TASK REQUIREMENTS — Please transcribe exactly, and only, the lines of the data below between the line holding "आलेंकर और बिहार" and the line holding "पटना। बिहार के", inclusive.

LISTED RECORDS —
· · ·

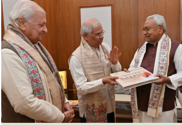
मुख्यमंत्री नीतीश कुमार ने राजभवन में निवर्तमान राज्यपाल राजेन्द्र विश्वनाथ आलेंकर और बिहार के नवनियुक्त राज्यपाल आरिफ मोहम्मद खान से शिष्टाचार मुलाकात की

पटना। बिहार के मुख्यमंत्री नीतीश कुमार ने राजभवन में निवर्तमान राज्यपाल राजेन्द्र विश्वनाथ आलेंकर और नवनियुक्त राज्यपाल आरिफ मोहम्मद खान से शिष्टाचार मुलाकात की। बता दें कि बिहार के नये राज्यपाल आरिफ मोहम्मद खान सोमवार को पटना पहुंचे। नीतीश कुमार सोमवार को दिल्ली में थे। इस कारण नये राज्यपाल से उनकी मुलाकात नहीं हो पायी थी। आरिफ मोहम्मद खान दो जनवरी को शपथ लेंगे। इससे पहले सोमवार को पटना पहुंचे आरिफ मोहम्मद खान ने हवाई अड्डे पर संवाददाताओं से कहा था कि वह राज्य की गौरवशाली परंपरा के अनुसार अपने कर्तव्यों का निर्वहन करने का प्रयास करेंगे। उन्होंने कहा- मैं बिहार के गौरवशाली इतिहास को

· · ·

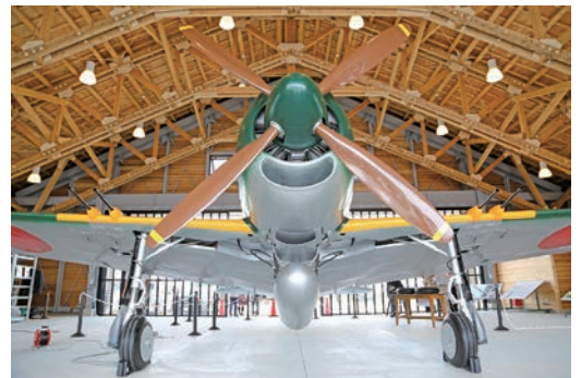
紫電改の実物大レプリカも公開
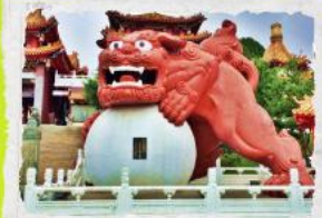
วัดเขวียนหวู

· · ·

SOLUTION FOR THIS EXERCISE —
मुख्यमंत्री नीतीश कुमार ने राजभवन में निवर्तमान राज्यपाल राजेन्द्र विश्वनाथ आलेंकर और बिहार के नवनियुक्त राज्यपाल आरिफ मोहम्मद खान से शिष्टाचार मुलाकात की

पटना। बिहार के मुख्यमंत्री नीतीश कुमार ने राजभवन में निवर्तमान राज्यपाल राजेन्द्र विश्वनाथ आलेंकर और नवनियुक्त राज्यपाल आरिफ मोहम्मद खान से शिष्टाचार मुलाकात की। बता दें कि बिहार के नये राज्यपाल आरिफ मोहम्मद खान सोमवार को पटना पहुंचे। नीतीश कुमार सोमवार को दिल्ली में थे। इस कारण नये राज्यपाल से उनकी मुलाकात नहीं हो पायी थी। आरिफ मोहम्मद खान दो जनवरी को शपथ लेंगे। इससे पहले सोमवार को पटना पहुंचे आरिफ मोहम्मद खान ने हवाई अड्डे पर संवाददाताओं से कहा था कि वह राज्य की गौरवशाली परंपरा के अनुसार अपने कर्तव्यों का निर्वहन करने का प्रयास करेंगे। उन्होंने कहा- मैं बिहार के गौरवशाली इतिहास को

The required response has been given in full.